• **WORK ORDER**:
Could you print the listing again exactly, omitting the pictures?

• **DATASET CONTENT**:
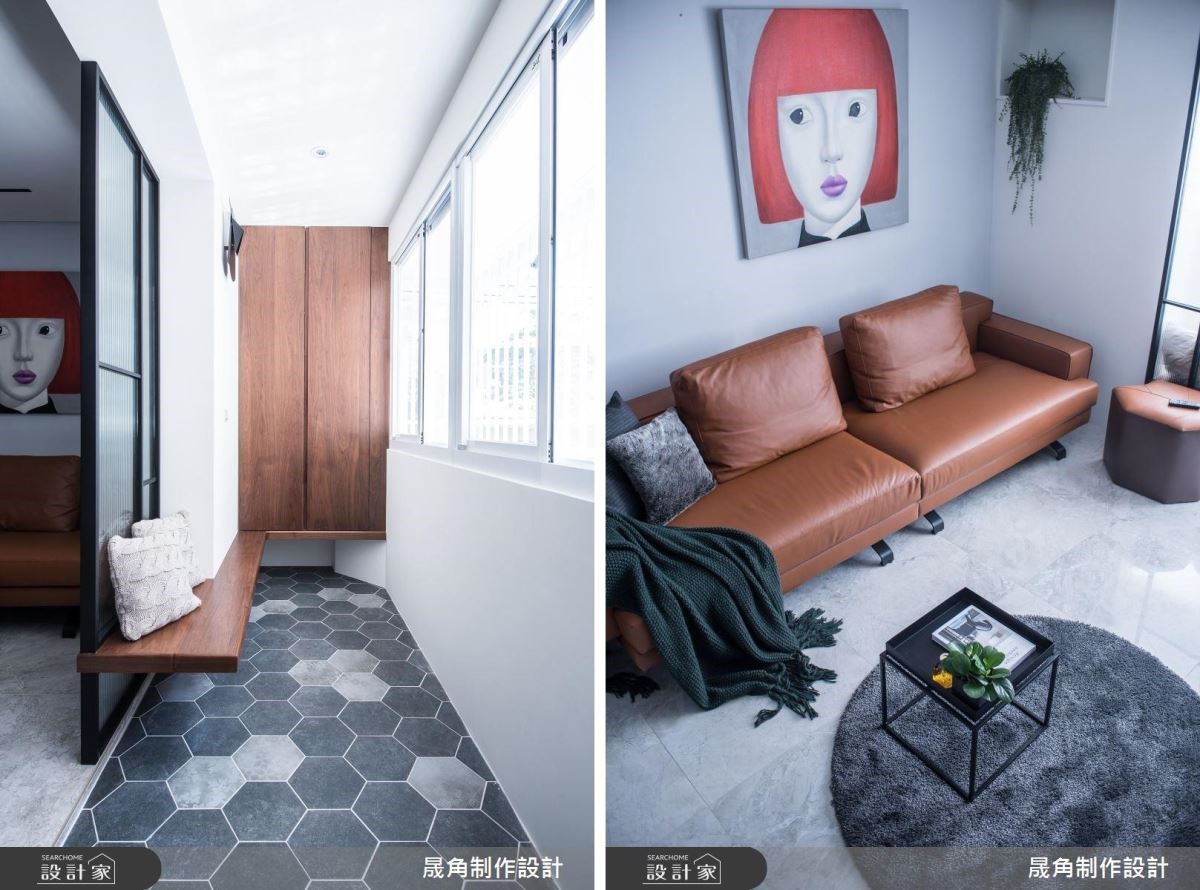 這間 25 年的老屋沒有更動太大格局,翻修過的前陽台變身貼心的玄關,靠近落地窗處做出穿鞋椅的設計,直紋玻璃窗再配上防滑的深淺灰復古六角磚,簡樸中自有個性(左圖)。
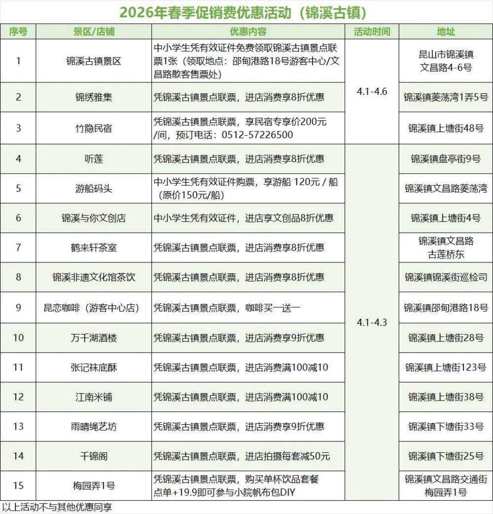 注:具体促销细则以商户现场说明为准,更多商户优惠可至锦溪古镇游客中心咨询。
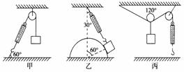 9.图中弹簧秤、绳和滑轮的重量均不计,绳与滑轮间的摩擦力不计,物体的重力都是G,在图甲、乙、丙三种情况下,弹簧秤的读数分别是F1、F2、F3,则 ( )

• **YOUR SOLUTION**:
 這間 25 年的老屋沒有更動太大格局,翻修過的前陽台變身貼心的玄關,靠近落地窗處做出穿鞋椅的設計,直紋玻璃窗再配上防滑的深淺灰復古六角磚,簡樸中自有個性(左圖)。
 注:具体促销细则以商户现场说明为准,更多商户优惠可至锦溪古镇游客中心咨询。
 9.图中弹簧秤、绳和滑轮的重量均不计,绳与滑轮间的摩擦力不计,物体的重力都是G,在图甲、乙、丙三种情况下,弹簧秤的读数分别是F1、F2、F3,则 ( )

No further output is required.